Михаил удивился столь неожиданному повороту разговора.
– Он достаточно хитер. Берет взятки, закрывает глаза на дела братков и воров в законе. И с ним опасно связываться. А что?
Вера посмотрела на Михаила с вызовом.
– Я хочу написать большой материал, чтобы все в Прахове и области узнали, кто такой Буркин. И не только про него. За нашим мэром тоже кое-что числится. А сейчас я хочу забраться в свою ванну и смыть с себя всю эту грязь.
– Да, конечно, – быстро согласился Михаил. – Только не забудь сразу после этого написать статью о проститутках и проявить фотографии. А завтра утром приходи на работу.
Вера благодарно улыбнулась.
– Вы подбросите меня до дома? А то сил нет в автобусе трястись.

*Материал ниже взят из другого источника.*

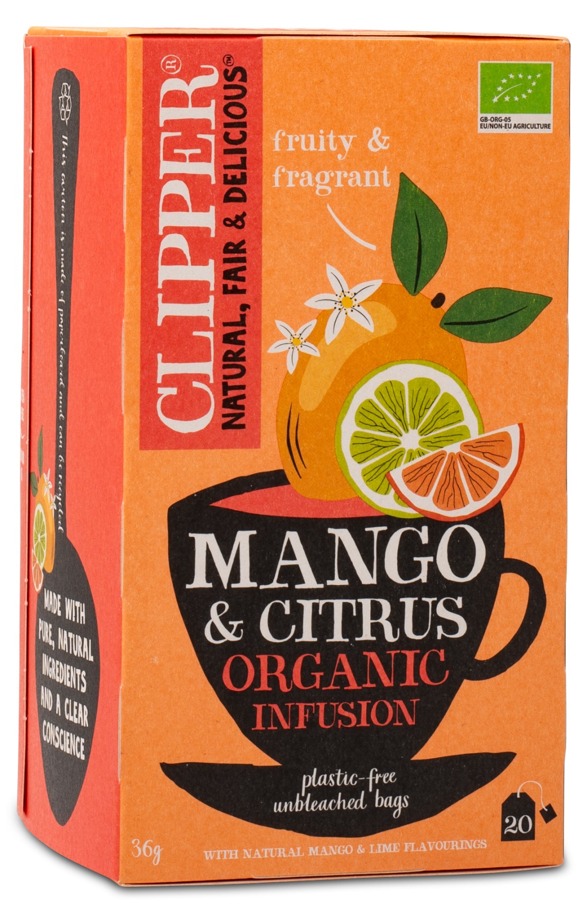 Clipper Tea Mango & Citrus Infusion on herkullinen ja virkistävä tee. Mangon makeuden ja sitrushedelmien raikkaan happamuuden harmoninen yhdistelmä luo maku, joka tuo mieleen kesän. Täydellinen nautittavaksi milloin tahansa päivällä. Tämä tee on luontaisesti kofeiinitonta.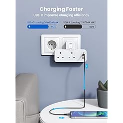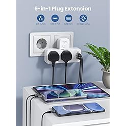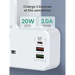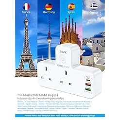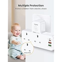 5 IN 1 Multi Plug Extension: TOPK multi plug adapter features 2 grounded AC outlet sockets and 3 USB ports (include 2 USB-A & 1 USB-C) , and also with 1 adjust LED light. One adapter for five devices.(Tips:For your safety, pls check the total wattage of all the devices doesn’t exceed 2500W when use adapter plug uk.)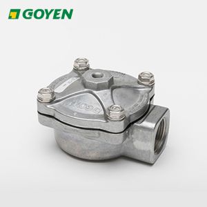 High performance diaphragm valve with threaded ports. Available with integral pilot or as remotely piloted valve. Outlet at 90° to inlet.

– Конечно, дорогая, – улыбнулась в ответ Виолетта и приветливо распахнула заднюю дверцу «Волги».
Взъерошенная журналистка почти уже забралась в салон автомобиля, как вдруг что-то вспомнила и подалась обратно.
– Пока я не забыла, Михаил, я хотела кое-то сказать вам о Буркине!
Не дав ему опомниться, Караваева потянула Каганова в сторону и сказала, понизив голос:
– Вчера в парке я видела полковника в компании Молодцова.
– Экстрасенса Молодцова?
– Да, его.
– Но ведь Буркин православный! Хотя в советские времена, как я слышал, он числился ярым атеистом, так что менять убеждения ему не привыкать.
– Я увидела их случайно, когда бродила по парку в поисках ночных бабочек. И в тени одной из продуктовых палаток увидела полковника и Молодцова, в компании еще троих.
– Что это была за троица? – пока что Каганов не видел в этой истории ничего особо занимательного.
– Я их не знаю. Женщина, блондинка средних лет. Какой-то толстяк. И еще девушка, брюнетка, но ее лица я не разглядела, так как она прятала его за огромными черными очками.
– В очках, ночью? Она что, слепая?
– Не думаю. Когда я решила их сфотографировать, она первая обратила на меня внимания и указала рукой в мою сторону. Что тут началось! Буркин явно испугался, толстяк и блондинка стали прятать лица, а Молодцов, так вообще потребовал немедленно убираться куда подальше.
– Странно, конечно, но пока ничего криминального в этом я не вижу.
– Михаил, выслушайте меня до конца, хорошо? Через пару минут на меня буквально сами набросились Роза и Снежанна. Не я к ним подошла, а они ко мне. Проходит еще немного времени, и тут нас вяжут милиционеры и отбирают мой фотоаппарат. И пока нас винтили, неподалеку я заметила Буркина. Он смотрел прямо на меня и не вмешивался. Хотя мы знакомы и он в курсе, что я журналист, а не проститутка!
– Ты проверила фотоаппарат? – Каганов впервые проявил интерес к ее словам.
Вера кивнула:
– Да, пленка на месте.
– Хорошо, обсудим эту историю завтра. Считай, ты получаешь новое задание.
– Правильнее будет сказать, что я сама его себе нашла.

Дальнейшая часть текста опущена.